DATASET SECTION
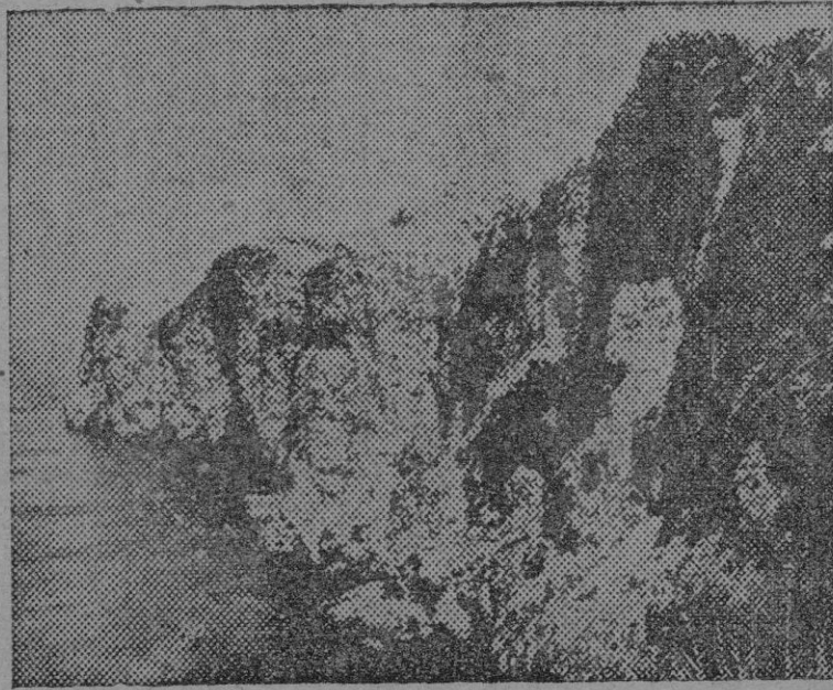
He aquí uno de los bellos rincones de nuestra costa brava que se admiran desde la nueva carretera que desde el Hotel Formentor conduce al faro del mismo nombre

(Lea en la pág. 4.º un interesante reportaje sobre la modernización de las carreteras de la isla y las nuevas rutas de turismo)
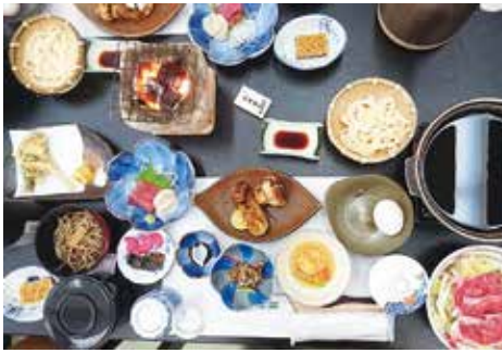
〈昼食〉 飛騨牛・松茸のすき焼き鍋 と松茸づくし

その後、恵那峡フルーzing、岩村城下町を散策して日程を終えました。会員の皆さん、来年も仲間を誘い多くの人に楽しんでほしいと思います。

PROBLEM DESCRIPTION
Starting with the top line, write out all the data above exactly; keep the pictures out.

ANSWER SPACE
He aquí uno de los bellos rincones de nuestra costa brava que se admiran desde la nueva carretera que desde el Hotel Formentor conduce al faro del mismo nombre

(Lea en la pág. 4.º un interesante reportaje sobre la modernización de las carreteras de la isla y las nuevas rutas de turismo)
〈昼食〉 飛騨牛・松茸のすき焼き鍋 と松茸づくし

その後、恵那峡フルーzing、岩村城下町を散策して日程を終えました。会員の皆さん、来年も仲間を誘い多くの人に楽しんでほしいと思います。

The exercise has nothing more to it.